Our villas in the Peloponnese are centred around Porto Heli and Corinth and many of the places mentioned above are reachable from them.
Beautiful Paleokastritsa beach in northeast Corfu.
Our other Homeric destinations
Corfu
After fleeing from Calypso, Odysseus suffered a shipwreck and was washed up unconscious on the beach of Paleokastritsa in northwest Corfu. He eventually awoke to find Nausicaa, the daughter of King Alcinous of Phaeacia, standing over him. The king allowed him to stay and recover, and Odysseus earned his keep by regaling the court with tales of his adventures.
Sicily
One of the stories Odysseus recounted to the Phaeacians documented his exploits in and around Sicily, where he had sailed past Scylla (a six-headed monster) and Charybdis (a whirlpool) in the Straits of Messina, and escaped from Polyphemus’ cave on Mount Etna.
Ithaca, one of the Ionian Islands off the west coast of Greece.
Ithaca or not Ithaca - where was Odysseus from?
Luminous Ithaca is my home. Its mountain, leaf-fluttering Neriton, is visible from afar.
Lying near Ithaca are its sister islands, Doulichion, Same and forested Zakynthos.
Ithaca herself lies low, closest to the sea, facing dusk, while the others look out to dawn and the rising sun.
It is a harsh environment, but produces fine men.

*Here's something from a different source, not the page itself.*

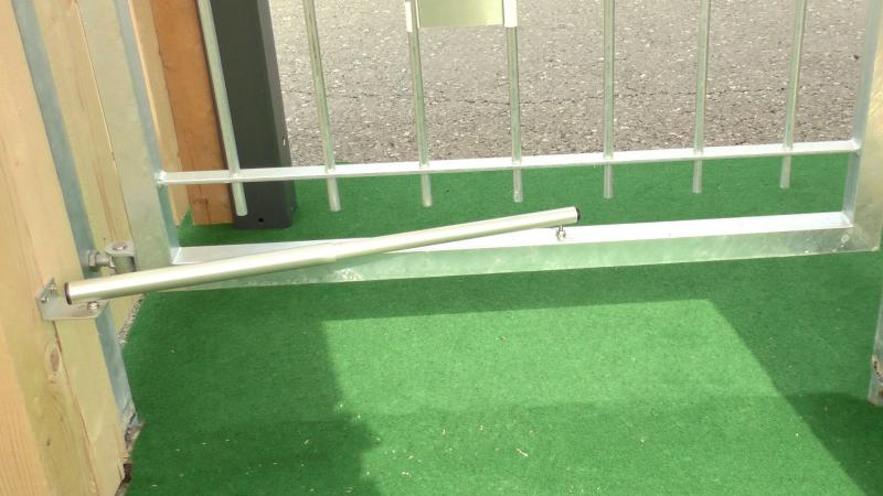 Ist wie in diesem Beispiel der Abstand des geöffneten Tores zur Wand praktisch null, ist es von Vorteil wenn der Schließer samt Winkel Platz zwischen den Dekorelementen findet. Denn steht das Tor am Winkel bzw. am Schließer an, kann es keine 90° mehr geöffnet werden. Ist das nicht möglich den Schließer zwischen den Elementen zu montieren, kann er auch über dem Tor montiert werden, damit eine Öffnung von 90° gewährleistet ist.

Thus Odysseus described his island home. Or so we think. Scholars have never agreed on how exactly to translate the passage above, and there is no consensus as to whether modern-day Ithaca was, in fact, Odysseus’ home.
The case for Ithaca
The German archaeologist, H. Schliemann, achieved relative fame for his tireless excavations on Ithaca. He unearthed numerous archaeological treasures bearing Mycenaean Greek depictions of and inscriptions alluding to the great hero, all of which convinced him of two things: first, Odysseus hailed from modern-day Ithaca; second, Odysseus was a real person, not merely a Homeric invention.
The argument for Lefkada
William Dörpfeld, who had started his career as an assistant to Schliemann, had a different theory. For him, Homer’s hero was a native of Lefkada. Dörpfeld’s hypothesis was based on his study of the Odyssey, with particular reference to the verses in which the shipwrecked Odysseus describes his beloved homeland to the King of the Phaeacians. Dörpfeld began excavating on Lefkada in 1900 and continued until 1910, during which time his discoveries, ideas and opinions caused something of a schism in the world of archaeology. In 1927, he published a summary of his theories, though there was still no absolute proof that King Odysseus was a native of Lefkada.
Or could it be Kefalonia?
Captain Corelli might be most associated with Kefalonia in the modern imagination, but according to some, the most enduring literary character in the island’s multi-millennial history is in fact Odysseus. “But what about Ithaca and Lefkada?”, you might ask. Well, many experts believe that Odysseus’ description of his home island (see the opening quote) doesn’t tally with the actual geographical position or topography of Ithaca. In his 2005 book, Odysseus Unbound, Robert Bittlestone argues that Kefalonia’s northern Paliki peninsula is a much closer match to Homer’s Ithaca than the Ithaca we know today. The narrow strip of land connecting the peninsula to the main body of Kefalonia, says Bittlestone, was once submerged, meaning that in Homer’s times Paliki had been an island in its own right. Geological surveys support this theory, demonstrating that a series of earthquakes later caused tectonic uplift of the seabed, effectively raising it above sea level until the two islands were linked.